[Records excerpted from a collection]
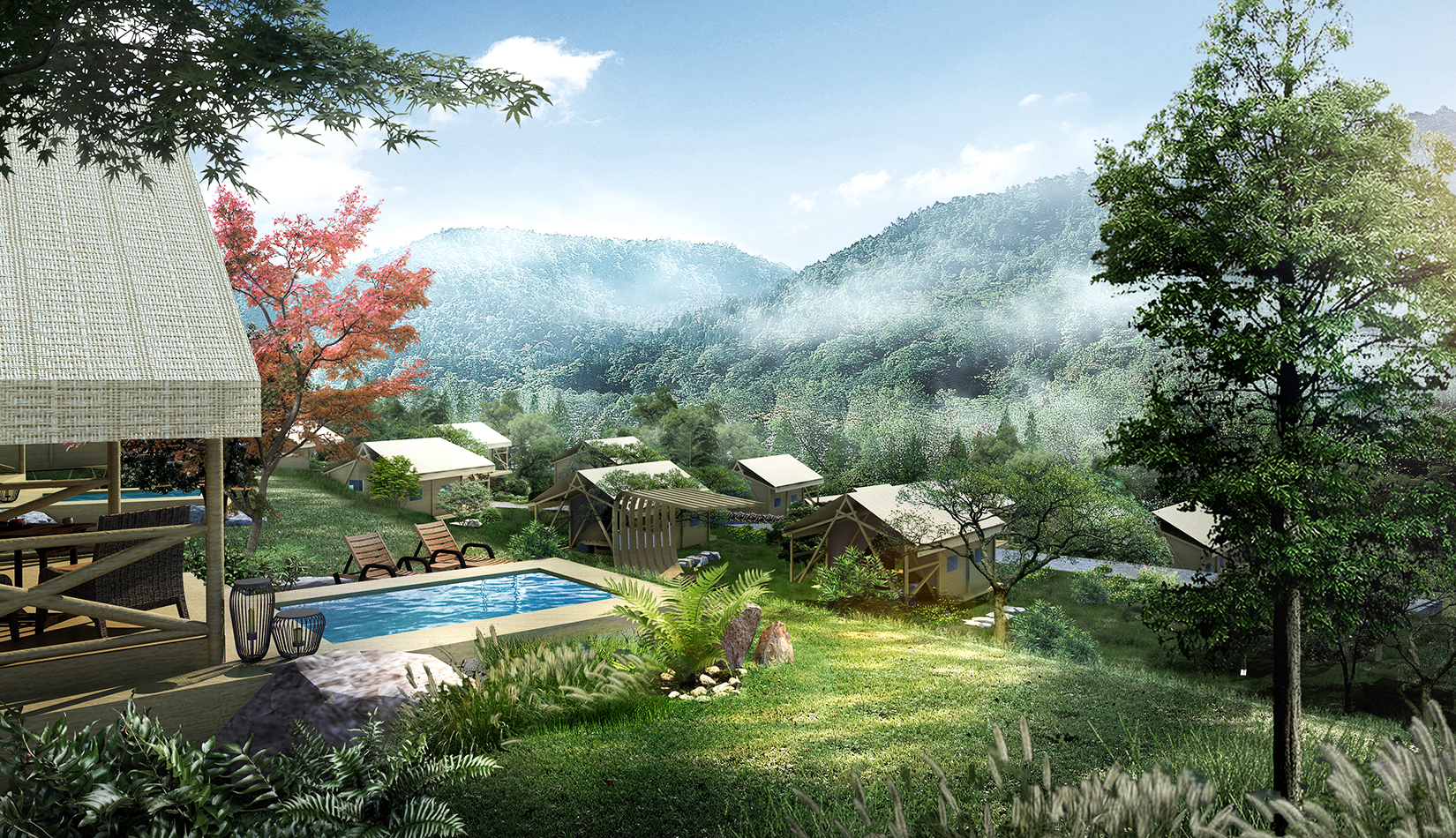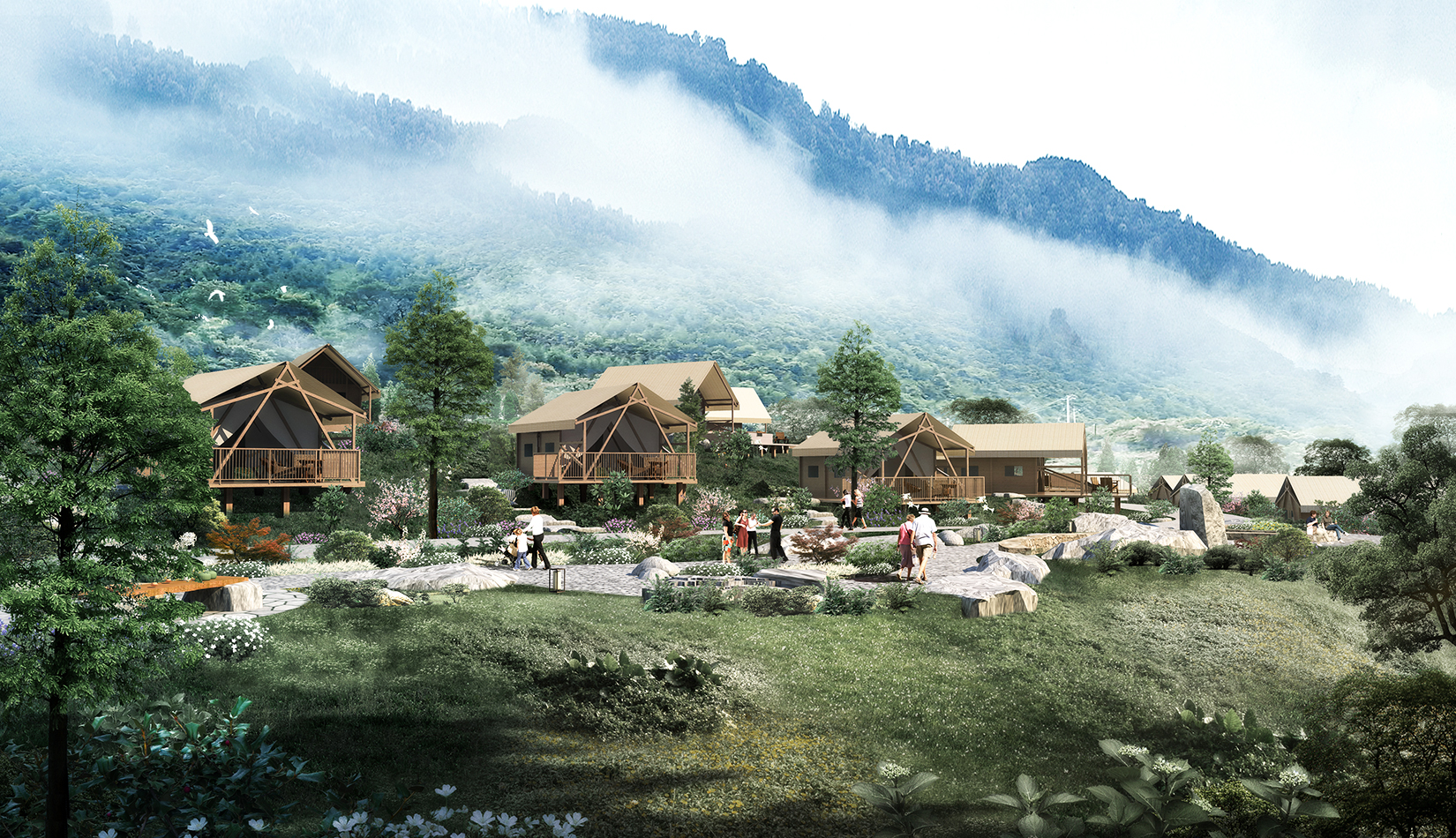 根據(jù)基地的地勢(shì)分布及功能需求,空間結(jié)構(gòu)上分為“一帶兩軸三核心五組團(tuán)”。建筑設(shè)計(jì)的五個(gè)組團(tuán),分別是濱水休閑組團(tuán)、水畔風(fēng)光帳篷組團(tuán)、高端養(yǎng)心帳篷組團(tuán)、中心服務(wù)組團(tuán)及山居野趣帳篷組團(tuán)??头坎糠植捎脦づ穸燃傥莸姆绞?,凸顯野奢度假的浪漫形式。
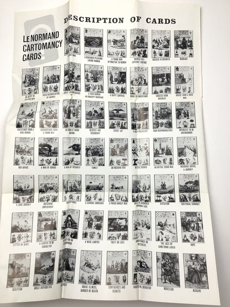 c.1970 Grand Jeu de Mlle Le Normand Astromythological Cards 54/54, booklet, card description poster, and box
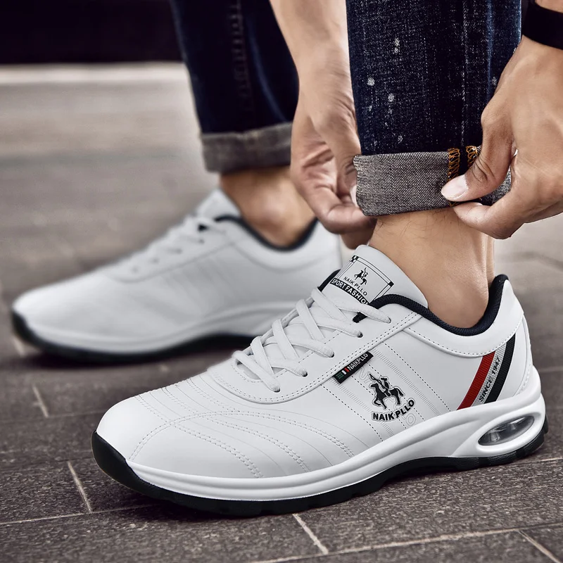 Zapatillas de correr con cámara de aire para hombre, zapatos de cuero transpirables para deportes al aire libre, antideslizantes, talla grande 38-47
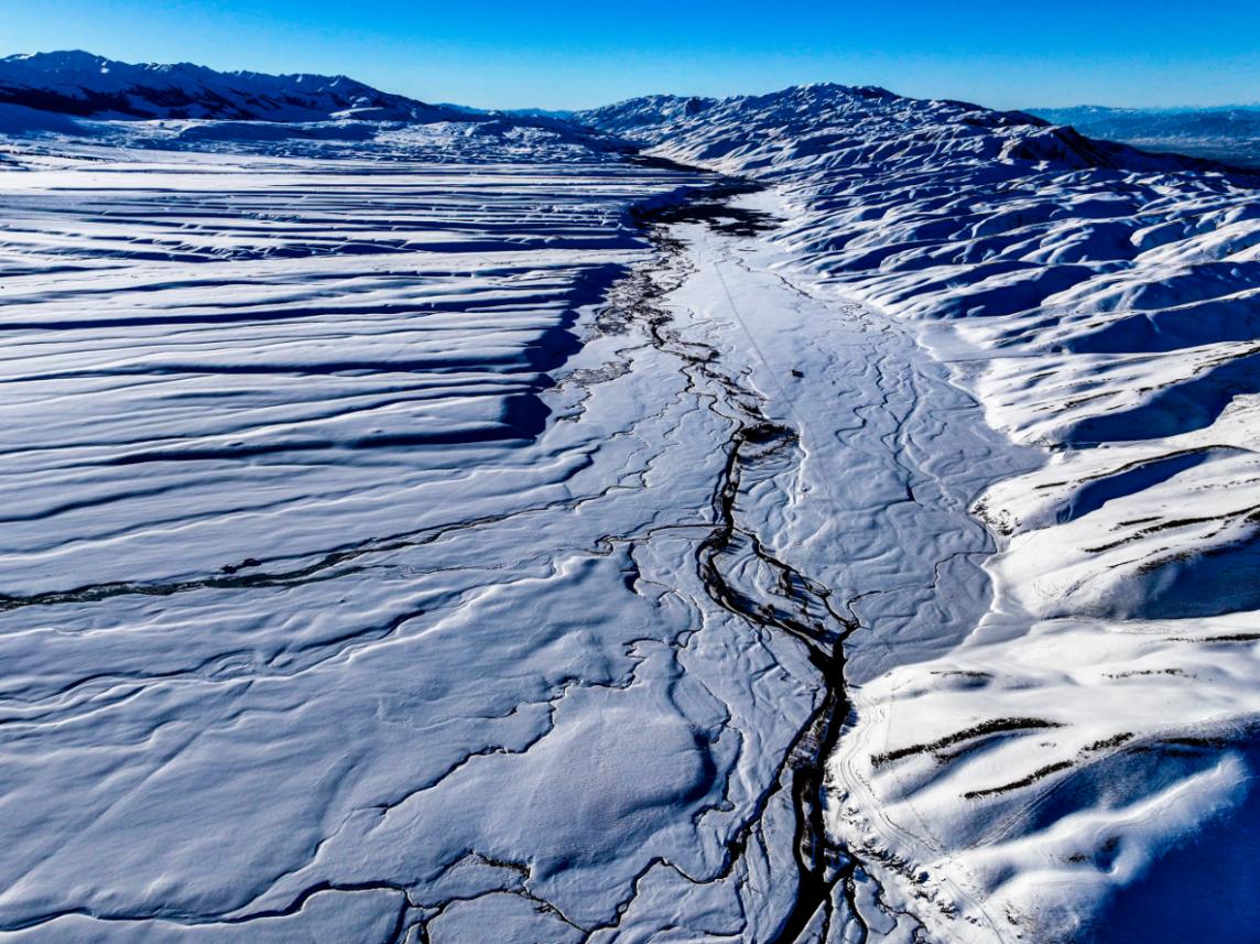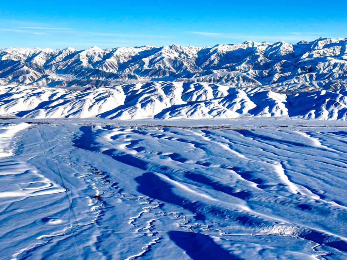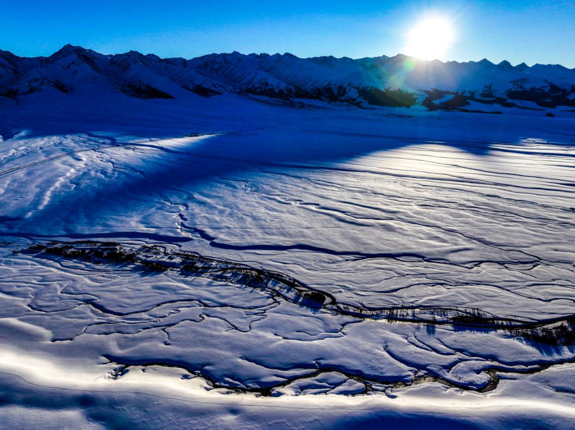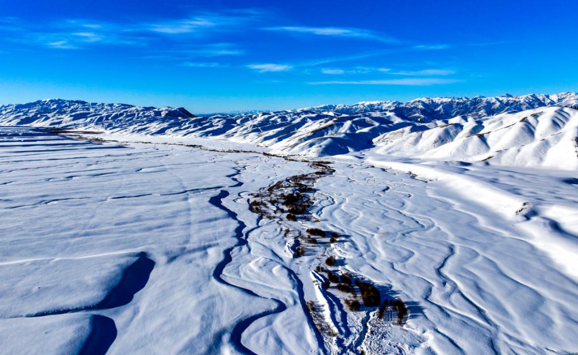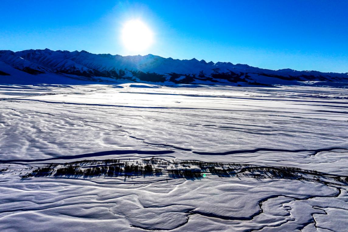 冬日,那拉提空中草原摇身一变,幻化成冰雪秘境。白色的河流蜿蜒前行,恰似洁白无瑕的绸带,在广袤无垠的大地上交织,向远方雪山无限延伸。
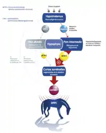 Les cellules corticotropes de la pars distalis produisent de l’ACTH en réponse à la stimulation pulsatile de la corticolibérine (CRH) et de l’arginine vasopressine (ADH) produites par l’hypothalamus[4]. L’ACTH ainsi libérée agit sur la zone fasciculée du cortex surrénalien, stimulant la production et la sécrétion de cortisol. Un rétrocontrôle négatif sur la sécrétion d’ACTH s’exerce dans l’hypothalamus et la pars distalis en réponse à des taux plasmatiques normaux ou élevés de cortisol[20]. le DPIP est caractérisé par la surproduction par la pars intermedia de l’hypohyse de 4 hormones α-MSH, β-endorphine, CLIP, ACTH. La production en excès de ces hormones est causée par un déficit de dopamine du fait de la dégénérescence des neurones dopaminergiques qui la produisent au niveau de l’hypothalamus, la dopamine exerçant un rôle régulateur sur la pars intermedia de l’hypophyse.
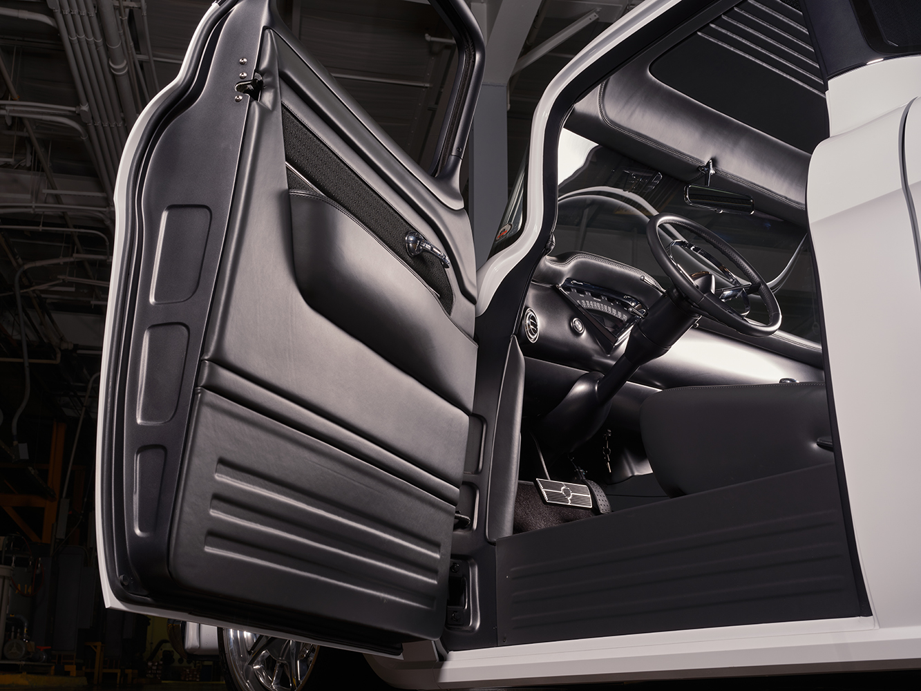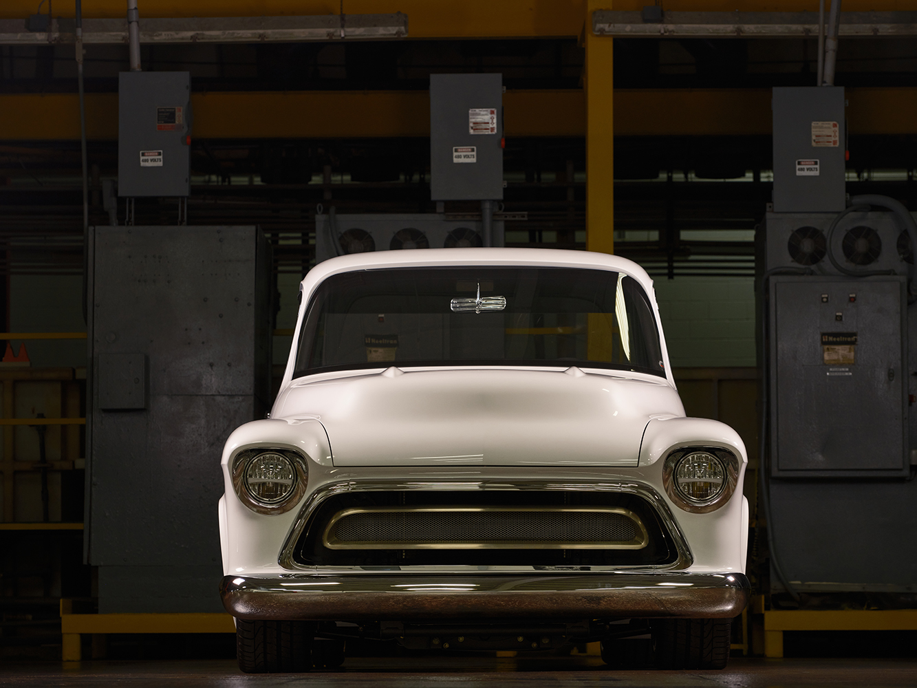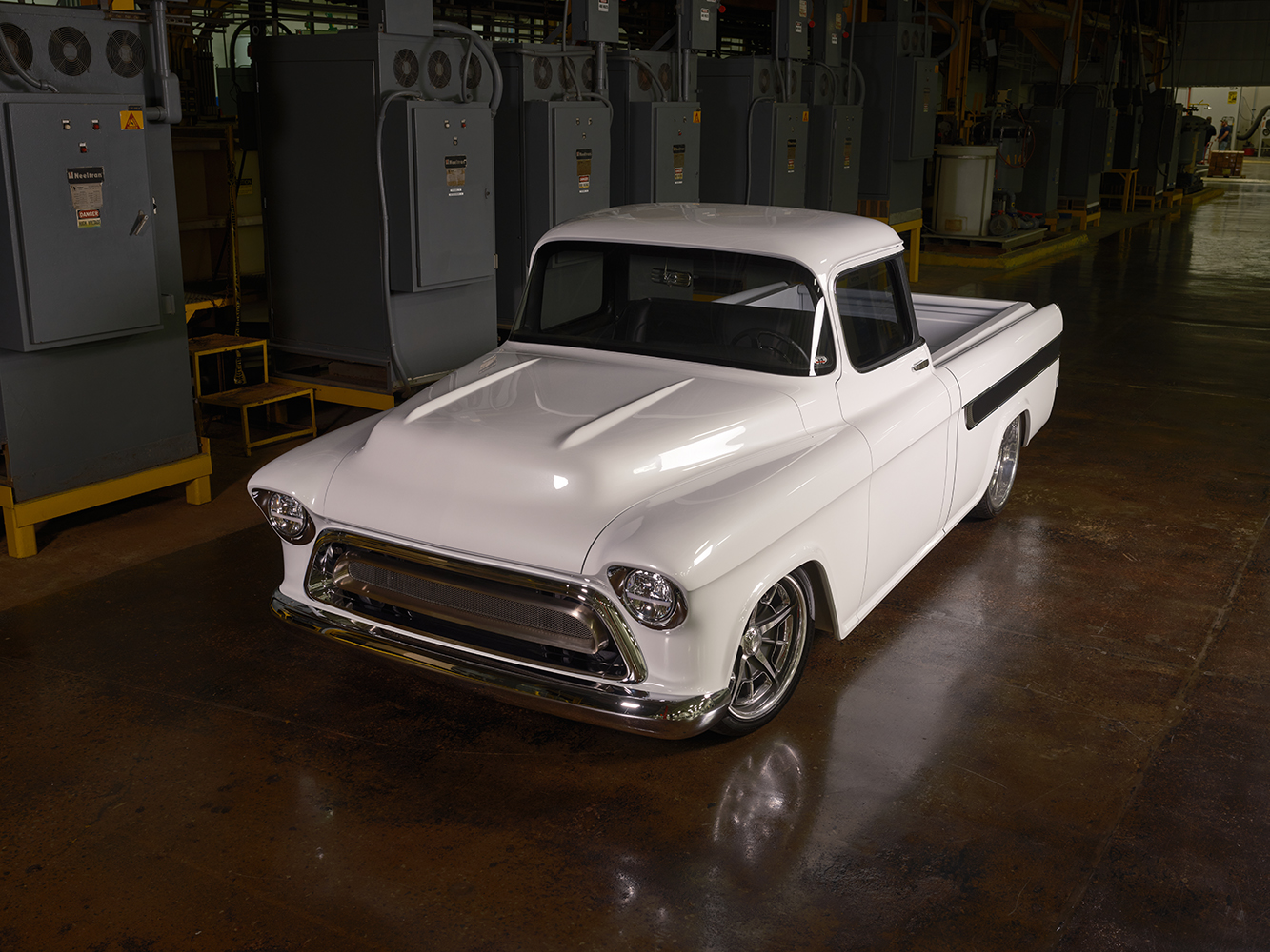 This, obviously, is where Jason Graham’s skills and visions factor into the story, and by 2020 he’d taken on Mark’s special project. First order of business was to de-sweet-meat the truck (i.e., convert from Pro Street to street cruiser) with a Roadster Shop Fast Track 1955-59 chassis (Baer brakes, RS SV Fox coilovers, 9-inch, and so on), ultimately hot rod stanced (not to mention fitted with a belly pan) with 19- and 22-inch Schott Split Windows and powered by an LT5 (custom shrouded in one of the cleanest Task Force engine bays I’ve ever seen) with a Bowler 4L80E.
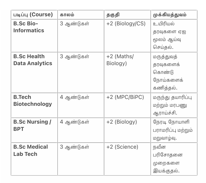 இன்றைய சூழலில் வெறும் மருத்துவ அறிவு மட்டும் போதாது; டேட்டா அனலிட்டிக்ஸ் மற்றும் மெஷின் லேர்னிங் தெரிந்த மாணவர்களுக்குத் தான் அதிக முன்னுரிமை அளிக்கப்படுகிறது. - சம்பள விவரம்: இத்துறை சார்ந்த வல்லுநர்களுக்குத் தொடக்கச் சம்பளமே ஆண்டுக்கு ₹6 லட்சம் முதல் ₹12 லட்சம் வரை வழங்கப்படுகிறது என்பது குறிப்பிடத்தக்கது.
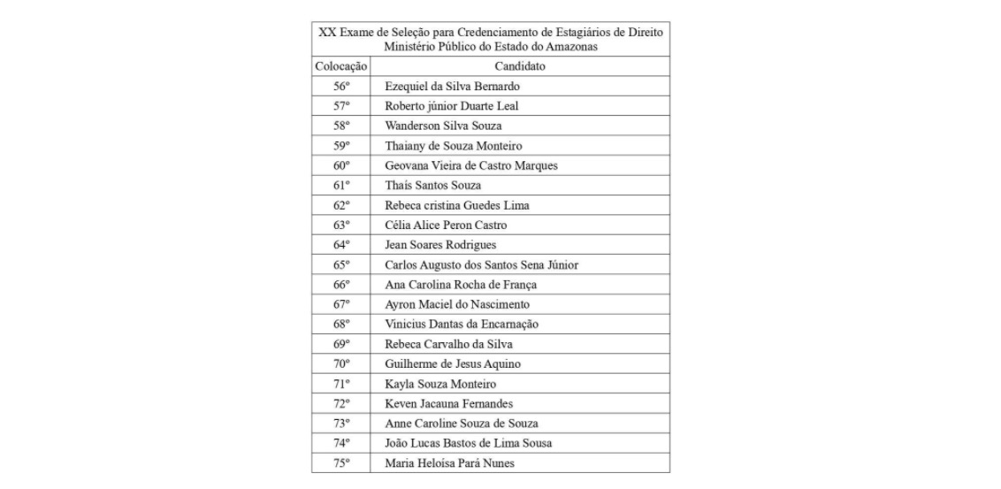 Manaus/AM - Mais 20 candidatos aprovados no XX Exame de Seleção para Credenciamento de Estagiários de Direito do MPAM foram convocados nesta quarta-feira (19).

WHAT NEEDS TO BE DONE.
Copy the lines exactly as they appear from the opening of the entries above through the line with "冬日,那拉提空中草原摇身一变", excluding all pictures.

THE ANSWER.
 根據(jù)基地的地勢(shì)分布及功能需求,空間結(jié)構(gòu)上分為“一帶兩軸三核心五組團(tuán)”。建筑設(shè)計(jì)的五個(gè)組團(tuán),分別是濱水休閑組團(tuán)、水畔風(fēng)光帳篷組團(tuán)、高端養(yǎng)心帳篷組團(tuán)、中心服務(wù)組團(tuán)及山居野趣帳篷組團(tuán)??头坎糠植捎脦づ穸燃傥莸姆绞?,凸顯野奢度假的浪漫形式。
 c.1970 Grand Jeu de Mlle Le Normand Astromythological Cards 54/54, booklet, card description poster, and box
 Zapatillas de correr con cámara de aire para hombre, zapatos de cuero transpirables para deportes al aire libre, antideslizantes, talla grande 38-47
 冬日,那拉提空中草原摇身一变,幻化成冰雪秘境。白色的河流蜿蜒前行,恰似洁白无瑕的绸带,在广袤无垠的大地上交织,向远方雪山无限延伸。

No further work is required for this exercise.